And, I know you’ll be disappointed by this, but that doesn’t mean that we’re supposed to eat chocolate for fifty days. So, if that’s not it, what is the reason that it lasts so long? It is an acknowledgment of the importance and impact of a singular event. The resurrection of Jesus is not something that we can come to terms with in just a day’s reflection. It is something that changes everything – everything about what our priorities are, how the world works for us and how we think about it.
As a result, one of the things that the church has traditionally done during this season is that, for this period of time, we stop reading from the Old Testament (apart from the Book of Psalms). Instead, we read from the Book of Acts which helps us to understand what difference the events of Easter actually made for the early church.
The Difference that Easter Makes
So, one of my jobs during this season as a leader of the church is to help us all reflect on what difference it actually makes for us that Jesus died on the cross and that he rose three days later.

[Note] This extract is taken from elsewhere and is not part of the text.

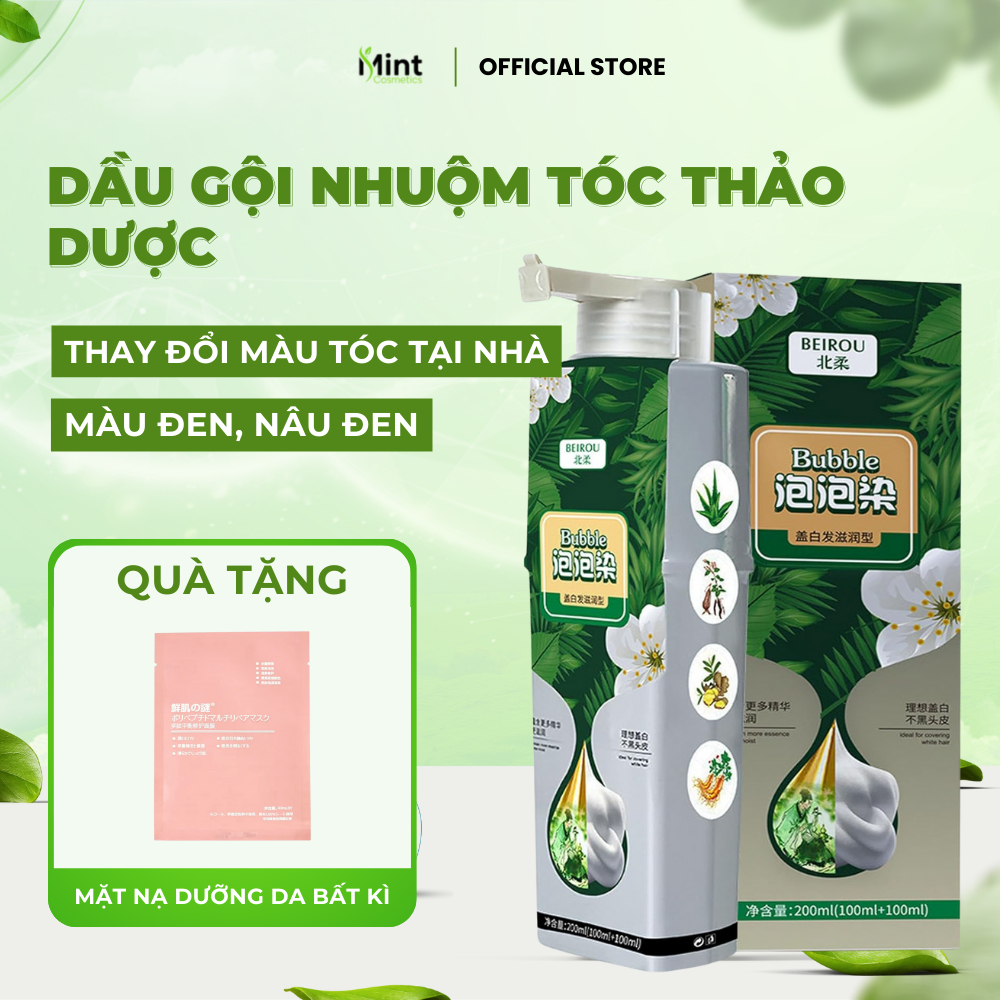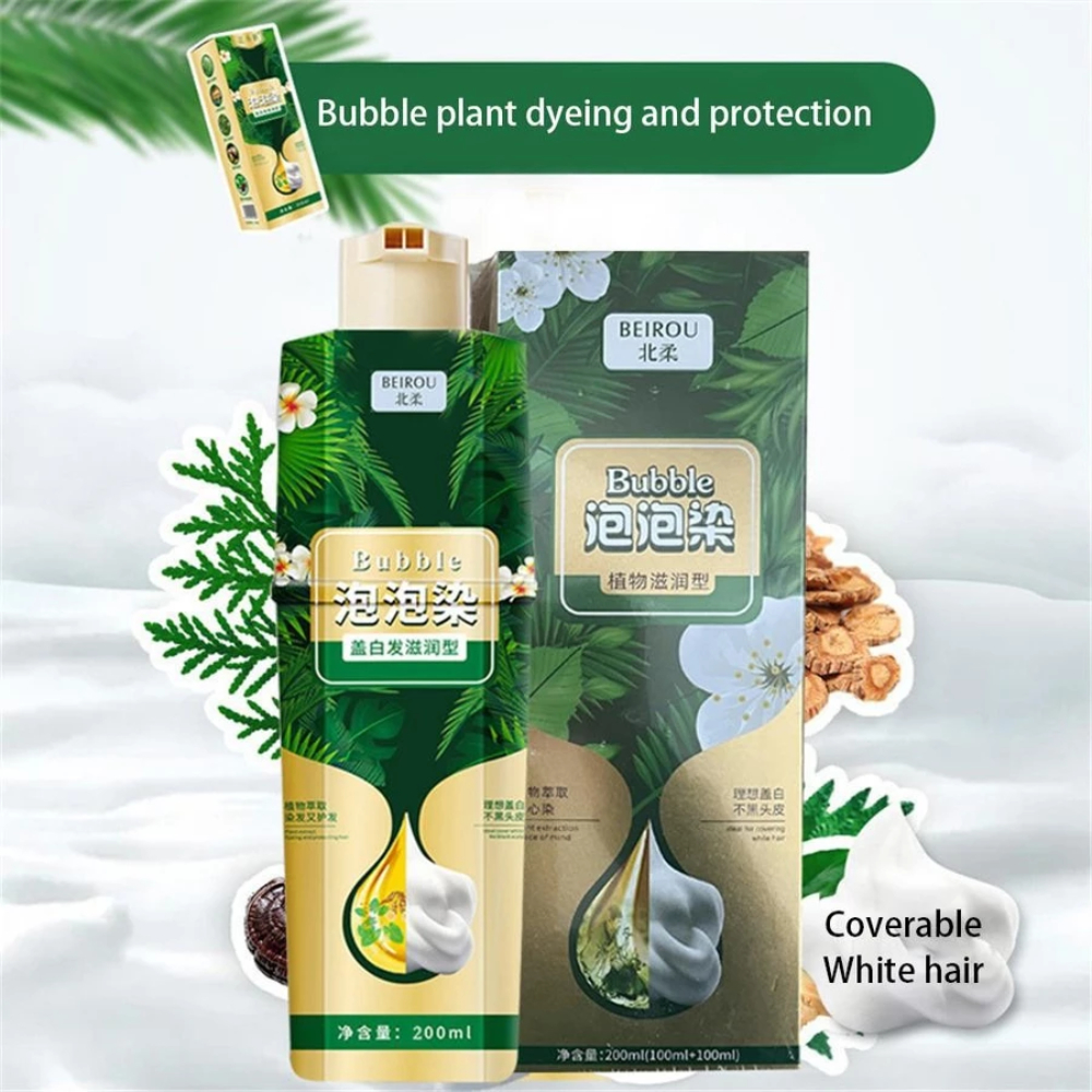Dầu Gội Phủ Bạc Thảo Dược Beirou Bubble - Dầu Gội Nhuộm Đen Tóc, Thay Đổi Màu Tóc Tại Nhà Thảo Dược An Toàn 200ml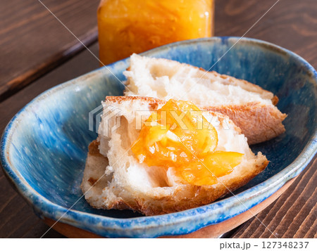 柑橘の果皮と果実を甘く煮て作ったマーマレード・ジャム。パンに塗って朝食に。

And I’ve been trying to do that this year.
A couple of weeks ago, for example, I tried to show us how the resurrection of Jesus makes us think very differently about our wealth and possessions, that instead of seeking security and comfort from these things, it should make us think creatively about how we use these things for the sake of the kingdom of God. And then last week, I spoke about how the story of Jesus’ bodily resurrection sets us free from being controlled and manipulated by our guilt, shame and fear.
What 1 John Teaches us
Today I want to focus in on something very extraordinary that the First Letter of John wants to teach us about what the death and resurrection of Jesus means for us. John writes this, “We know love by this, that he laid down his life for us.” This is such a simple statement, but it contains so much meaning in it that it almost blows me away. John is simply saying here that one of the key reasons why Jesus went to the cross was in order to teach us what love is.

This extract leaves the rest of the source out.